With pictures excluded, retype exactly every line from the one containing "ASOS Weekend Collective" to the end of the records below.

==== Records ====

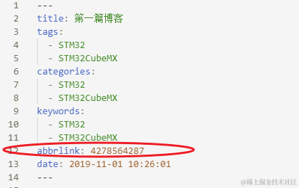 使用hexo clean && hexo g重新生成博客,在博客源文件可以看到自动生成的abbrlink编号:
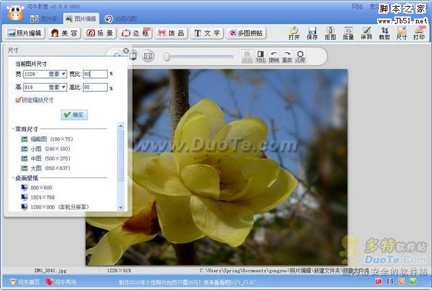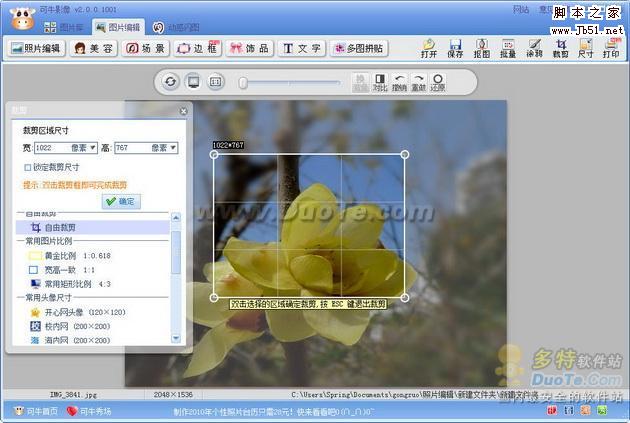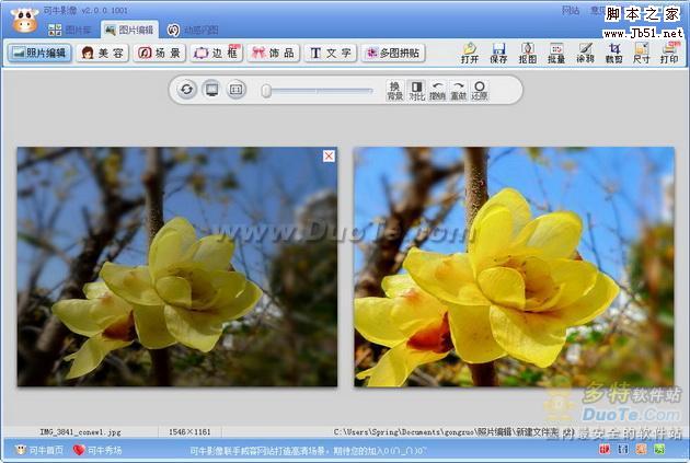 由于笔者在拍照时没有注意构图,导致这张腊梅周边显得杂乱,这就需要可牛影像的“裁剪”功能来弥补了,效果如图02所示。
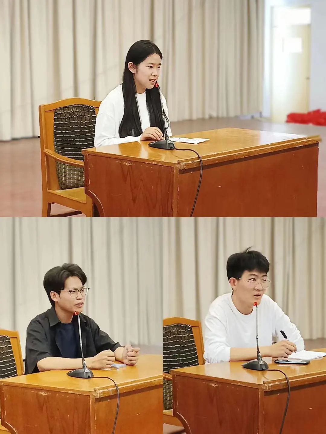 (2)面试礼仪:坐姿端正,微笑面对考官,挺拔的坐姿和明亮而坚定的眼神能展示出良好的精神面貌;线下面试的优势就是可以和老师进行眼神交流,这个时候一定不要害羞,眼神不要闪躲,保持镇定,从容不迫。
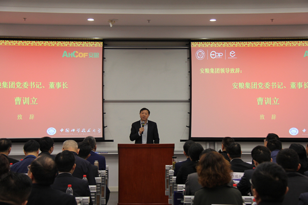 2020年10月30日,中國科學(xué)技術(shù)大學(xué)—安糧集團(tuán)EDP、MBA研修班在中國科學(xué)技術(shù)大學(xué)國際金融研究院隆重開班,安糧集團(tuán)董事長曹訓(xùn)立和中科大管理學(xué)院黨委副書記芮鋒分別致辭。
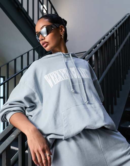 ASOS Weekend Collective – Niebieska bluza oversize z kapturem, efektem sprania i uczelnianym logo, część zestawu
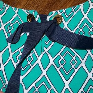 Crown & Ivy green with white geometric pattern long quarter wide sleeve, knee length sheath dress with black/ navy ribbon at the back of neck and outlines of the pattern with gold ring accents
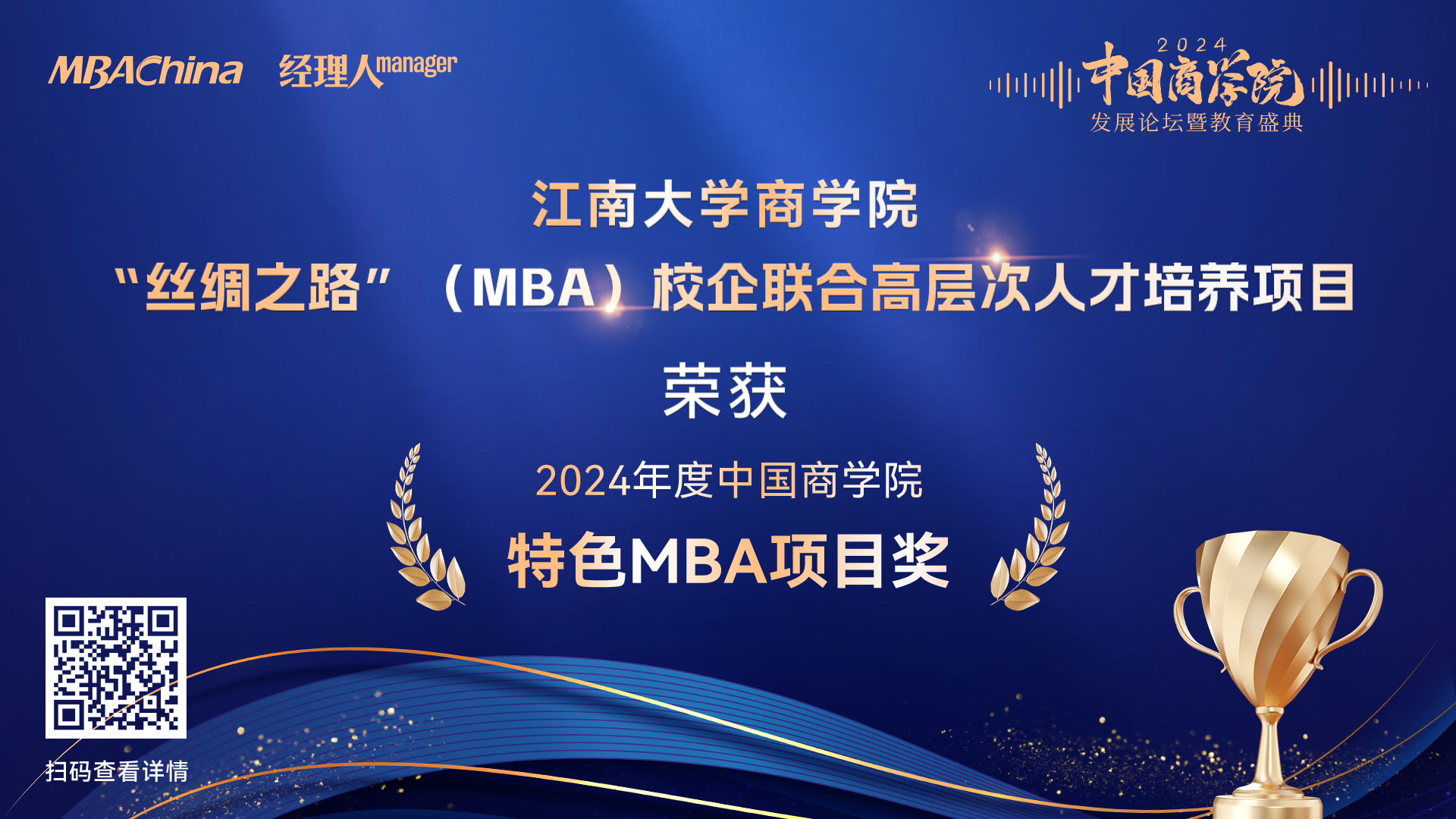 以管理创新助推现代化进程,以使命担当引领高质量发展。2024年11月29日,由MBAChina和经理人杂志联合主办的“2024年度中国91制片厂 发展论坛暨教育盛典”在北京召开。本次盛典以“现代化进程中的管理智慧与担当”为主题,三百余位来自政界、教育界的专家学者、商科院校代表、行业领军人物、专业研究机构和国内外主流教育媒体等相关人士现场参会,分享最新教育理念和实践经验,共同研讨中国商科教育的未来发展。数万名在线观众共同见证中国商科教育年度荣耀时刻。我校91制片厂 MBA教育中心办公室主任唐杰应邀出席盛会。

====

» **Solution for this task**
 ASOS Weekend Collective – Niebieska bluza oversize z kapturem, efektem sprania i uczelnianym logo, część zestawu
 Crown & Ivy green with white geometric pattern long quarter wide sleeve, knee length sheath dress with black/ navy ribbon at the back of neck and outlines of the pattern with gold ring accents
 以管理创新助推现代化进程,以使命担当引领高质量发展。2024年11月29日,由MBAChina和经理人杂志联合主办的“2024年度中国91制片厂 发展论坛暨教育盛典”在北京召开。本次盛典以“现代化进程中的管理智慧与担当”为主题,三百余位来自政界、教育界的专家学者、商科院校代表、行业领军人物、专业研究机构和国内外主流教育媒体等相关人士现场参会,分享最新教育理念和实践经验,共同研讨中国商科教育的未来发展。数万名在线观众共同见证中国商科教育年度荣耀时刻。我校91制片厂 MBA教育中心办公室主任唐杰应邀出席盛会。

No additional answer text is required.